▸ **DATA FOR REVIEW**
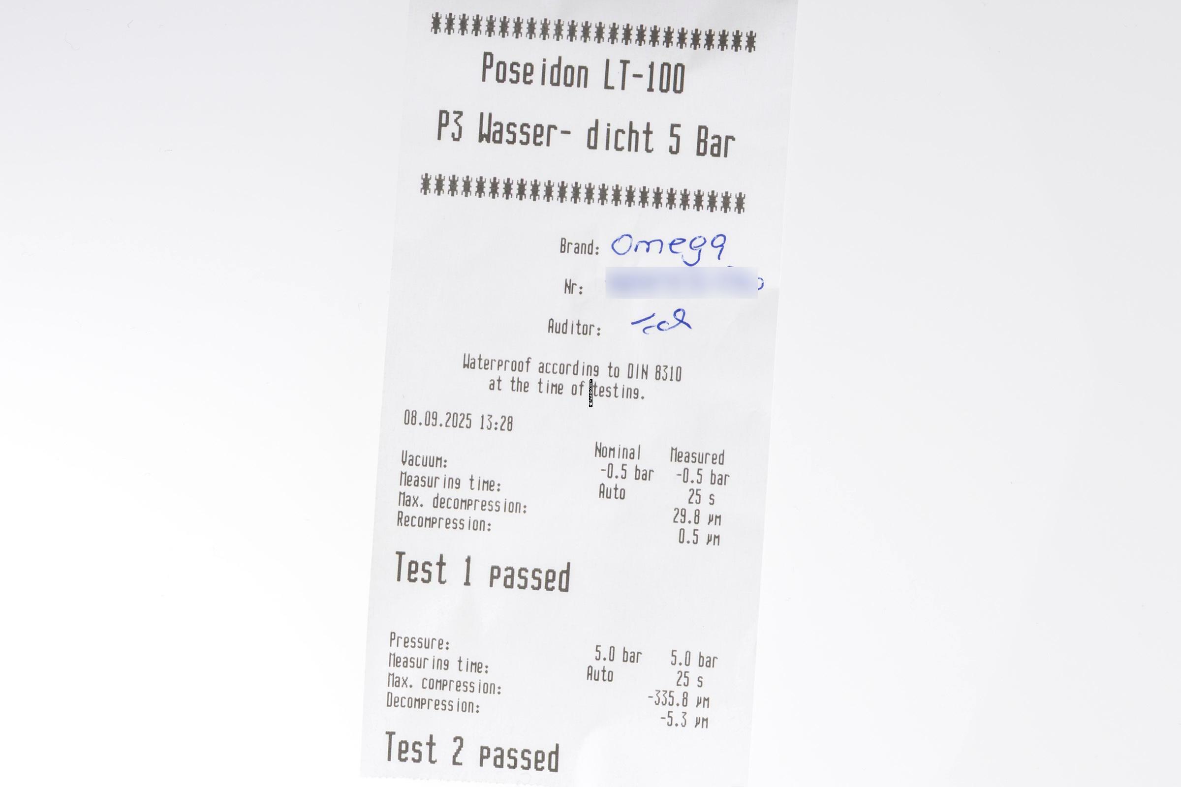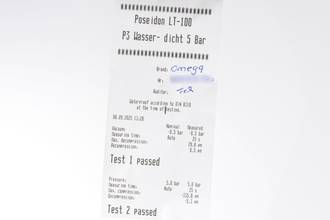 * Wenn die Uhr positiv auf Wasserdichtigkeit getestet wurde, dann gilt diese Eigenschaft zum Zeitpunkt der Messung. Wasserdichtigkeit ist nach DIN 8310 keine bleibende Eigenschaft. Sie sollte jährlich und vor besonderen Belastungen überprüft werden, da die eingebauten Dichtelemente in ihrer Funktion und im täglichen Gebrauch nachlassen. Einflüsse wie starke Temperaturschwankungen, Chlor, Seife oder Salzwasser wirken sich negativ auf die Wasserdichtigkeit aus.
...
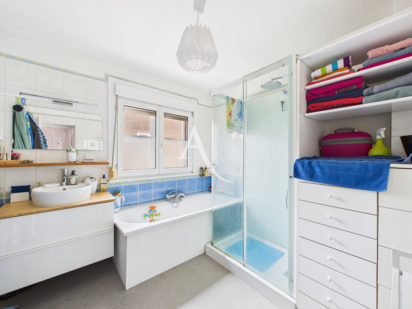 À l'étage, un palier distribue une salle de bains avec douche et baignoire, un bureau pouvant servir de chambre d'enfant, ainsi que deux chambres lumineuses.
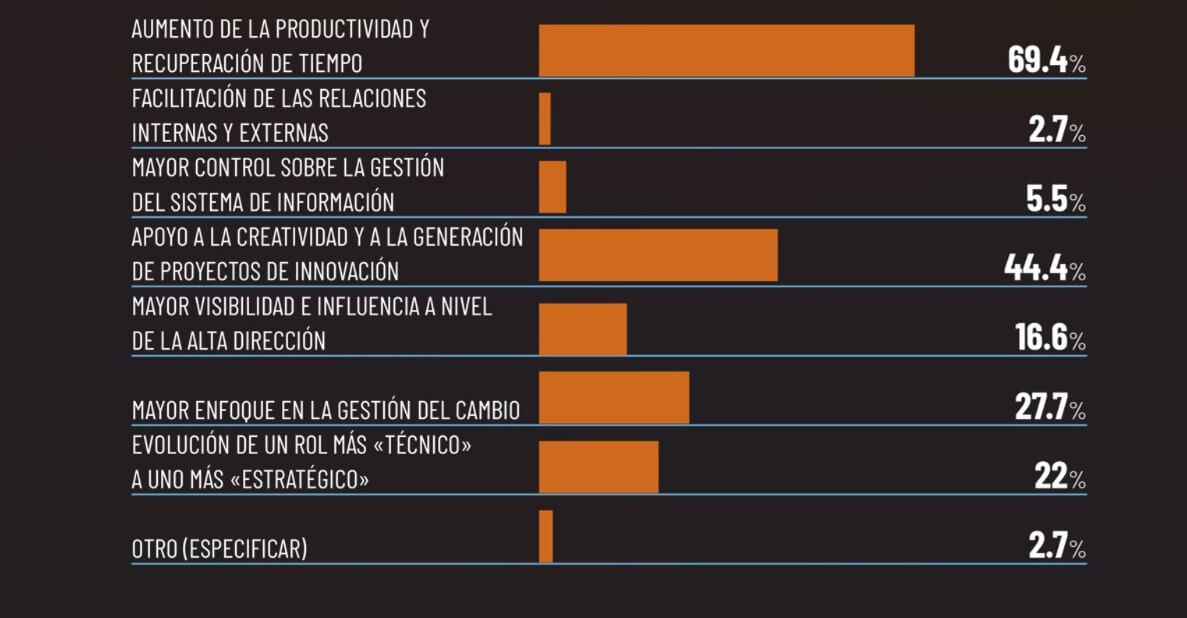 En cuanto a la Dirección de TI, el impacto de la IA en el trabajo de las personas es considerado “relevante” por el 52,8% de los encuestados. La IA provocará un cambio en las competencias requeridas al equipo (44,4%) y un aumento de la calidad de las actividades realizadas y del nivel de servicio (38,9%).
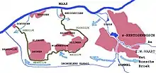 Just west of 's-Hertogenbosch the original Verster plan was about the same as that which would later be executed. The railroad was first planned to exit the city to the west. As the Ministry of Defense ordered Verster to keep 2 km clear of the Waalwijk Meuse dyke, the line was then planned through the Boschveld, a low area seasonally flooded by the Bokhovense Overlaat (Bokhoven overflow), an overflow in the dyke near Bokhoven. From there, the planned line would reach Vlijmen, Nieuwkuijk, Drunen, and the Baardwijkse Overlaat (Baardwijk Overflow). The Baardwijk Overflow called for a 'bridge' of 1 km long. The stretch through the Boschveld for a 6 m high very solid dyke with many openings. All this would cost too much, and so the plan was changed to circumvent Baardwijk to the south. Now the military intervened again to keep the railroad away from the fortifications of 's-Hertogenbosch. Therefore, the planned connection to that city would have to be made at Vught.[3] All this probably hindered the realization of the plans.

▸ **EXERCISE DIRECTIONS**
Quote the lines above exactly, starting with the one that has "À l'étage, un" and ending with the one that has "En cuanto a"; drop the pictures and include nothing else.

▸ **RESULT FOR THIS TASK**
 À l'étage, un palier distribue une salle de bains avec douche et baignoire, un bureau pouvant servir de chambre d'enfant, ainsi que deux chambres lumineuses.
 En cuanto a la Dirección de TI, el impacto de la IA en el trabajo de las personas es considerado “relevante” por el 52,8% de los encuestados. La IA provocará un cambio en las competencias requeridas al equipo (44,4%) y un aumento de la calidad de las actividades realizadas y del nivel de servicio (38,9%).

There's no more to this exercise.